DIRECTIONS:
Leave out every picture and set down, exactly, the lines below from the one holding "The sleeves can" up to and including the one holding "A pack of five".

DATA FOR THIS EXERCISE:
___

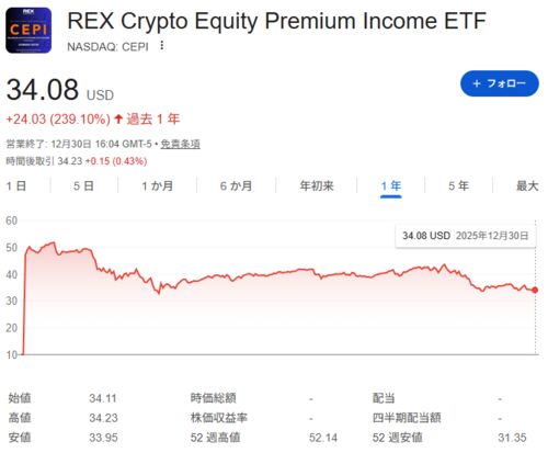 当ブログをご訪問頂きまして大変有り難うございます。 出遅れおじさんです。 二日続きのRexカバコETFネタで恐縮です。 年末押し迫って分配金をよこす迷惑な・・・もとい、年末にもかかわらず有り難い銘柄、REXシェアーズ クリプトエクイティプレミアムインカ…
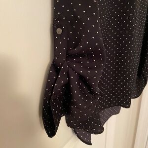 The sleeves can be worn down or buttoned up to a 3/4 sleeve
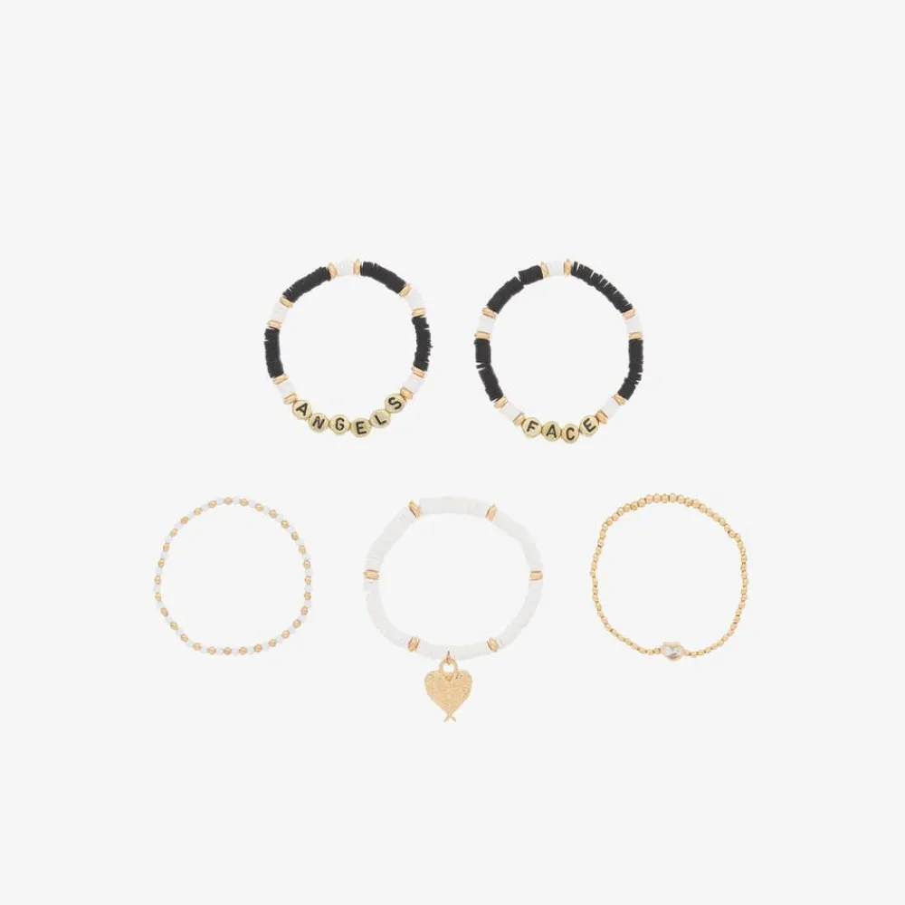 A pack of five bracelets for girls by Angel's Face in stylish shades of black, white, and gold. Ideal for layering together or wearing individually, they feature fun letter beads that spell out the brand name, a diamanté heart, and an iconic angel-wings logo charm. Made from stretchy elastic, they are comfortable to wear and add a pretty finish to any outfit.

___

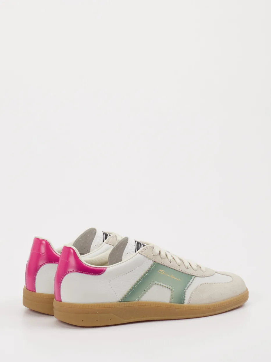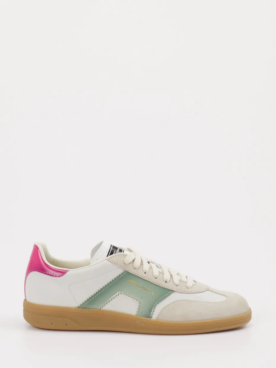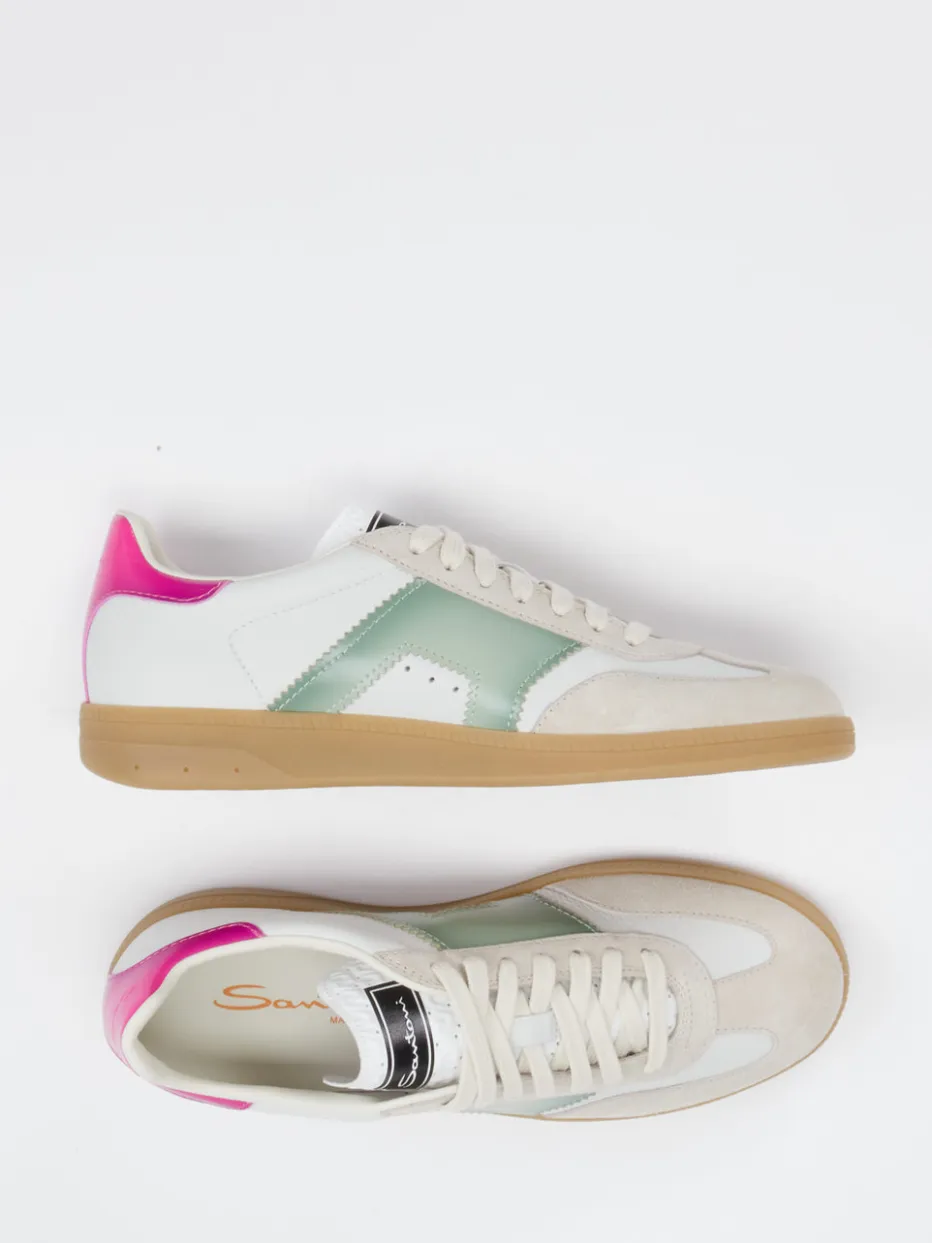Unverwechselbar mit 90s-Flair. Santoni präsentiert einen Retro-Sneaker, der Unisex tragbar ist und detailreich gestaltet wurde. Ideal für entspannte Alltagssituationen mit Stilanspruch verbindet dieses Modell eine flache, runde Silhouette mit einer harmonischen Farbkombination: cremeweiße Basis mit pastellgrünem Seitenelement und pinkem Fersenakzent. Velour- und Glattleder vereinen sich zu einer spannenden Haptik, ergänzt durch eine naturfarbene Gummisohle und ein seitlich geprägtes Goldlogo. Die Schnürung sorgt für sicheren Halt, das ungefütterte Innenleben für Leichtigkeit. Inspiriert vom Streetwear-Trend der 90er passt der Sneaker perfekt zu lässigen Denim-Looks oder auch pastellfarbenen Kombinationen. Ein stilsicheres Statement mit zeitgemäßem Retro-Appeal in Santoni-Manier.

___

SOLUTION FOR THIS TASK:
 The sleeves can be worn down or buttoned up to a 3/4 sleeve
 A pack of five bracelets for girls by Angel's Face in stylish shades of black, white, and gold. Ideal for layering together or wearing individually, they feature fun letter beads that spell out the brand name, a diamanté heart, and an iconic angel-wings logo charm. Made from stretchy elastic, they are comfortable to wear and add a pretty finish to any outfit.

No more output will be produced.